Results and Discussion

Genome Sequencing

The number of contigs, genome length, number of CDS, rRNAs, tRNAs, and %GC for each of the eight genomes sequenced as part of this study are shown in table 2. With the exception of S. equi subsp. ruminatorum (CECT 5772) (133 contigs), these genomes were assembled to a high level of contiguity (average contig number = 3, range = 1–8), generally consistent with bacterial genomes categorized as “noncontiguous finished” (Chain et al. 2009).
Table 2

Genome Characteristics for the Eight Streptococcus Species Sequenced as Part of This Study

SpeciesContigsBase PairsCDSrRNAtRNA%GC
Streptococcus porcinus (str. Jelinkova 176)12,025,8811,956155936.8
S. macacae (NCTC 11558)11,916,9851,871156541
S. urinalis (2285-97)12,130,4312,207146037.8
S. criceti (HS-6)22,417,8512,282156142.2
S. iniae (9117)31,246,5192,025105536.8
S. pseudoporcinus (LQ 940-04)51,816,3062,027155737.1
S. ictaluri (707-05)82,234,4022,47394538.2
S. equi subsp. ruminatorum (CECT 5772)1332,140,7422,12744341.4
Genome Characteristics for the Eight Streptococcus Species Sequenced as Part of This Study

Phylogenetic Relationships

In general, the consensus and concatenation species trees were well supported and concordant (fig. 1).

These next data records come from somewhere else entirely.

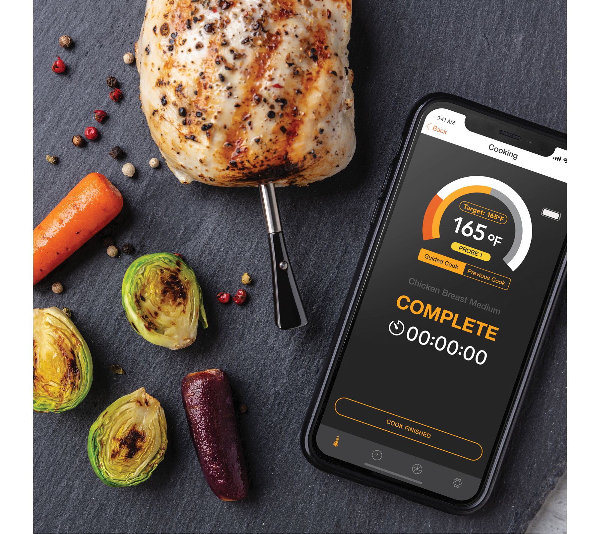• App displays temperature, elapsed time, and cook progress graphs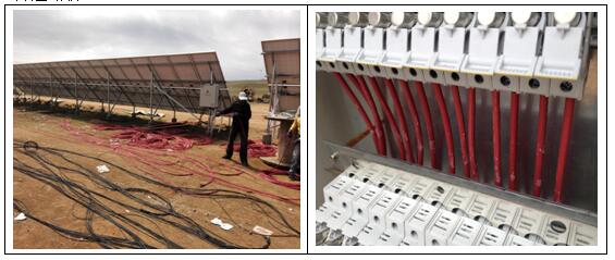 由于接線方法不合理,安裝工人在沙土地上拖拽線纜,造成匯流箱內(nèi)組串線普遍劃傷: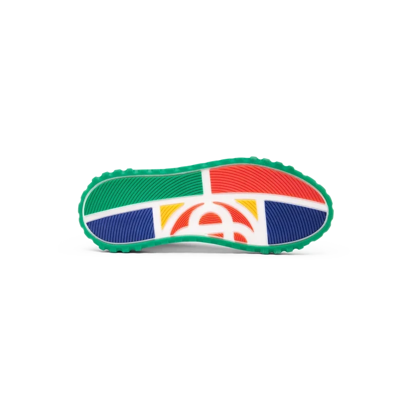 Das Design des Court Sneakers spiegelt die ikonischen Silhouetten der 90er Jahre wider. Die Farben der Gummisohle sind eine Kombination aus den raffinierten Codes des Tennissports und der klassischen Architektur und schaffen eine einheitliche Farbpalette für den gesamten Schuh, wobei der Fokus auf Primärfarben liegt, die durch Tennisweiß abgesetzt werden, um eine sportlich orientierte Farbgeschichte zu schaffen.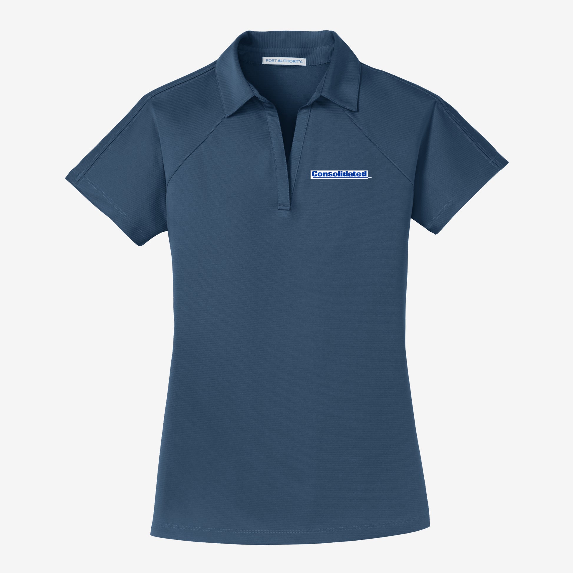 Port Authority Ladies Crossover Raglan Polo. 5-ounce, 100% polyester. Self-fabric modified Johnny collar. Wrap around back panel detail. Open hem sleeves.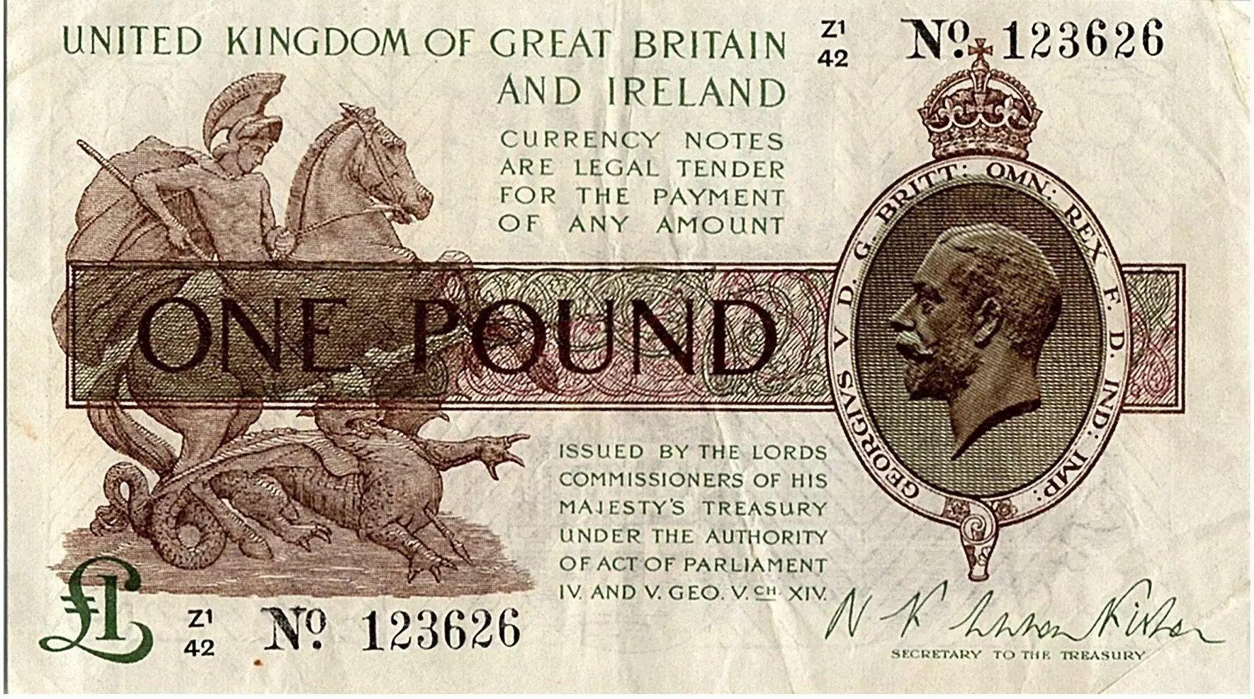 Banknote United Kingdom 1 Pound, George V - St George, dragon - 1922 - VF - P.359 - Serial Z1/42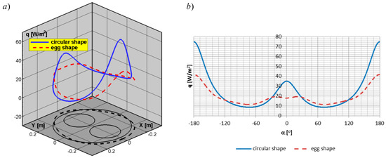 Distribution of the heat flux density at the boundary of the cross-section of the thermal insulation of round shape (blue solid line) and egg shape (red dotted line): (a) q = f(x,y); (b) q = f(α).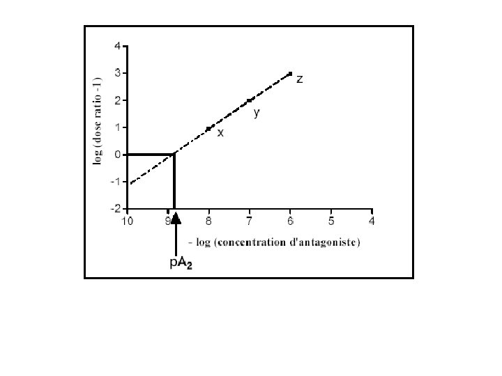 Le paramètre qui permet de quantifier l’effet d’un antagoniste compétitif est le p. A 2. Plus le p. A 2 est élevé plus l’affinité de l’antagoniste pour le récepteur est grande. Exemple: calcul du p. A 2 du propanolol

Both trees recovered the pyogenic, bovis, salivarius, and anginosus groups described in previous phylogenetic studies (Bentley et al. 1991; Kawamura et al. 1995; Täpp et al. 2003) and also showed the sanguinis group to be monophyletic. All these groups were well supported. Recognizing the sanguinis group as a distinct monophyletic entity subsequently renders the eight mitis species a monophyletic grouping that is also well supported. Streptococcus parasanguinis fell within the mitis group and not within the sanguinis group with S. sanguinis, confirming previous studies that showed these two species not to be sister taxa (Bentley et al. 1991; Kawamura et al. 1999; Täpp et al. 2003). Monophyly for the five species previously included in the mutans group, however, was not well supported. Although S. mutans, S. ratti, and S. macacae all formed a well-supported clade, S. downei and S. criceti, which also grouped tightly, clustered instead with the three salivarius species. However, inclusion of these two species in the salivarius group does not appear justified as the grouping was weakly supported in both trees, and these two species were distantly related to the three salivarius species, which were connected by relatively short branch lengths and have been shown to be phenotypically distinct. We suggest that S. downei and S. criceti might best be considered as comprising a separate taxonomic assemblage, which we tentatively propose as the downei group. At the tip of the trees, there were two minor discrepancies. Within the sanguinis group, the position of S. gordonii and S. cristatus was switched, and within the pyogenic group, the position of S. pyogenes and S. canis was switched. At the base of the trees, relationships among the salivarius, downei, mutans, pyogenic, and bovis groups were poorly resolved, possibly reflecting the effect of frequent LGT during the early diversification of these groups. Relationships among the mitis, sanguinis, and anginosus groups, however, were well supported.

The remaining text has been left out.